The NLTK library contains NLP-specific algorithms for many practical tasks, including word and sentence tokenization.

In [16]:
from nltk import word_tokenize

In [17]:
doc1 = 'I have a cat.'
doc2 = "He doesn't have a cat"

In [18]:
word_tokenize(doc1)

['I', 'have', 'a', 'cat', '.']

In [19]:
word_tokenize(doc2)

['He', 'does', "n't", 'have', 'a', 'cat']

# spaCy

https://spacy.io/

spaCy is a modern industrial-strength natural languge processing library that has a convinient interface and supports many standard tasks, such as parsing, tagging, and named entity recognition.

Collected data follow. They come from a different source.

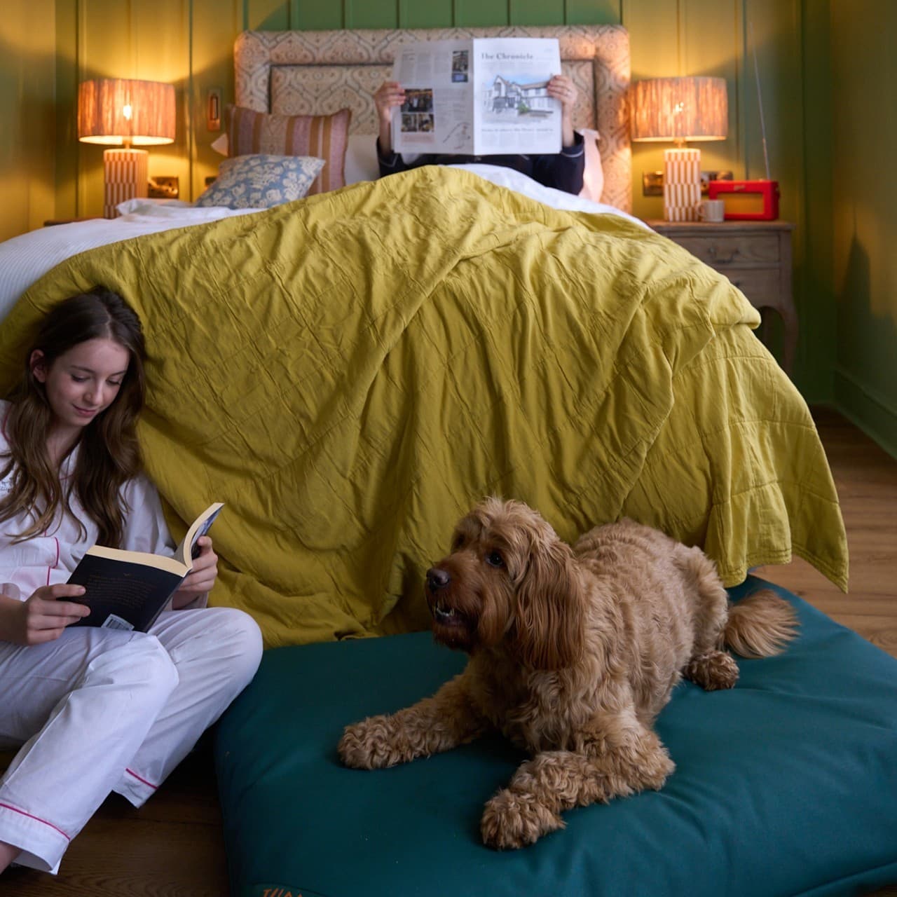 - A cosy dog bed (fits two medium-sized dogs)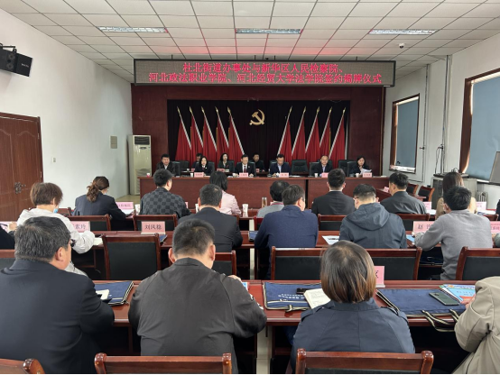2023年4月13日上午,beat365在线唯一官网党委副书记黄华、副院长胡海涛一行赴杜北街道办事处参加beat365在线唯一官网实践基地签约揭牌仪式。杜北街道党工委书记张凯、党工委副书记杜韦英、新华区人民检察院检察长王银祝、新华区人民检察院副检察长张丽峰、河北政法职业学院应用法律系主任王彦、河北政法职业学院司法实务系、行政法务系党总支书记柳涛、新华区信访局副局长樊敏、杜北街道政法委员司海峰和各社区书记、社会治理和应急管理办公室、北京大成(石家庄)律师事务所、北京德恒(石家庄)律师事务所等律所和beat365官网研究生代表参加。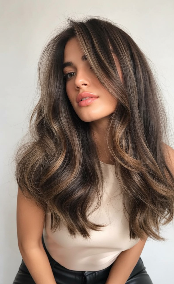 6. Voluminous Brunette Layers with Soft Contrast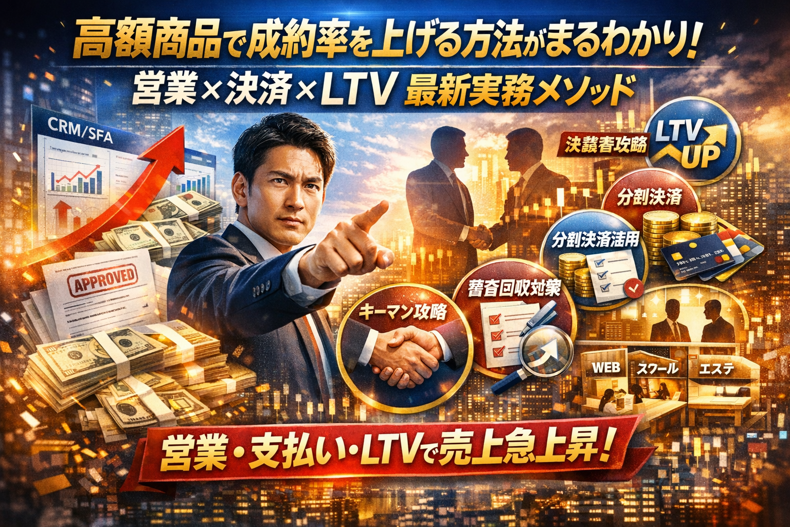 高額商品だけ「検討します」で止まり、営業の時間とメンタルだけが削られていないでしょうか。実は、高額商品で成約率が落ちる原因は、営業スキル不足ではなく、高額×無形×決済×LTVを一体で設計していないことにあります。機能説明や値下げでは、高額役務は動きません。売れている企業は、顧客が得る「変容」を軸にヒアリングと提案を組み立て、キーマンを正しく押さえたうえで、分割決済や信販を使いこなし「支払い条件そのもの」を提案価値に変えています。さらに、審査落ちや回収トラブルを前提にした与信設計と、SFA・CRMでのプロセス管理までセットで組むことで、少ない商談数でも安定して成約を積み上げています。この記事では、新規開拓営業がきつい現場で実際に起きている失注パターンを分解し、ヒアリングの質問、決裁者攻略、支払い設計、審査対策、LTVとアップセル・クロスセルまでを一気通貫で解説します。ここに書かれているのは研修用の一般論ではなく、高額役務と分割決済を日常的に扱う現場の実務ロジックです。読み進めるかどうかで、同じ商談数でも手元に残る売上は確実に変わります。

We are going to use a [pretrained spaCy model](https://spacy.io/models/en#en_core_web_lg) for several different tasks. It includes the aforementioned algrotihms as well as word vectors, trained on a large collection of documents form the web ([the Common Crawl](http://commoncrawl.org))

In [34]:
import spacy

In [35]:
nlp = spacy.load('en_core_web_lg')

In [36]:
doc1 = nlp('I have a cat')

In [37]:
doc1

I have a cat

In [38]:
doc1[1]

have

In [39]:
[w.text for w in doc1]

['I', 'have', 'a', 'cat']

In [40]:
[w.lemma_ for w in doc1]

['-PRON-', 'have', 'a', 'cat']

In [41]:
doc2 = nlp("He doesn't have a cat :(")

In [42]:
[w.text for w in doc2]

['He', 'does', "n't", 'have', 'a', 'cat', ':(']

In [44]:
[w.lemma_ for w in doc2]

['-PRON-', 'do', 'not', 'have', 'a', 'cat', ':(']

## Word vectors

spaCy also associates a word vector with each word. This vector, and its relative position to other vectors, reflecs the meaning of the word. Similar words will have similar vectors.

In [45]:
doc1 = nlp('I have a dog')
doc2 = nlp('I have a cat')
doc3 = nlp('I have a banana')
doc4 = nlp('Congress voted to reopen the government')

In [46]:
doc1[3]

dog

In [47]:
doc3[3].vector.shape

(300,)

In [48]:
doc3[3].vector

array([ 2.0228e-01, -7.6618e-02,  3.7032e-01,  3.2845e-02, -4.1957e-01,
        7.2069e-02, -3.7476e-01,  5.7460e-02, -1.2401e-02,  5.2949e-01,
       -5.2380e-01, -1.9771e-01, -3.4147e-01,  5.3317e-01, -2.5331e-02,
        1.7380e-01,  1.6772e-01,  8.3984e-01,  5.5107e-02,  1.0547e-01,
        3.7872e-01,  2.4275e-01,  1.4745e-02,  5.5951e-01,  1.2521e-01,
       -6.7596e-01,  3.5842e-01, -4.0028e-02,  9.5949e-02, -5.0690e-01,
       -8.5318e-02,  1.7980e-01,  3.3867e-01,  1.3230e-01,  3.1021e-01,
        2.1878e-01,  1.6853e-01,  1.9874e-01, -5.7385e-01, -1.0649e-01,
        2.6669e-01,  1.2838e-01, -1.2803e-01, -1.3284e-01,  1.2657e-01,
        8.6723e-01,  9.6721e-02,  4.8306e-01,  2.1271e-01, -5.4990e-02,
       -8.2425e-02,  2.2408e-01,  2.3975e-01, -6.2260e-02,  6.2194e-01,
       -5.9900e-01,  4.3201e-01,  2.8143e-01,  3.3842e-02, -4.8815e-01,
       -2.1359e-01,  2.7401e-01,  2.4095e-01,  4.5950e-01, -1.8605e-01,
       -1.0497e+00, -9.7305e-02, -1.8908e-01, -7.0929e-01,  4.01

We can calculate the similarity between the individual words...

In [58]:
doc1[3], doc2[3], doc3[3]

(dog, cat, banana)

In [52]:
doc1[3].similarity(doc2[3])

0.80168545

In [53]:
doc1[3].similarity(doc3[3])

0.24327643

...or the whole documents (sentences)

In [57]:
doc1, doc2, doc3

(I have a dog, I have a cat, I have a banana)

In [54]:
doc1.similarity(doc2)

0.9681672529980867

In [55]:
doc1.similarity(doc3)

0.8753348768953094

In [56]:
doc1.similarity(doc4)

0.5484653936168645

## Named Entity Recognition (NER)

As the model we are using was trained to perform NER, we can easily find all mentions of entities of specific types in the document

In [60]:
doc = nlp(
    'Apple is looking at buying U.K. startup for $1 billion. '
    'Microsoft acquires Citus Data, creators of a cloud-friendly version of the PostgreSQL database. '
)

In [61]:
doc.ents

(Apple, U.K., $1 billion, Microsoft, Citus Data, PostgreSQL)

In [62]:
for e in doc.ents:
    print(e, '->', e.label_)

Apple -> ORG
U.K. -> GPE
$1 billion -> MONEY
Microsoft -> ORG
Citus Data -> ORG
PostgreSQL -> ORG


We can see what is this `GPE` and what tags are available in the documentation: https://spacy.io/api/annotation#named-entities

In [63]:
doc.ents[0].sent

Apple is looking at buying U.K. startup for $1 billion.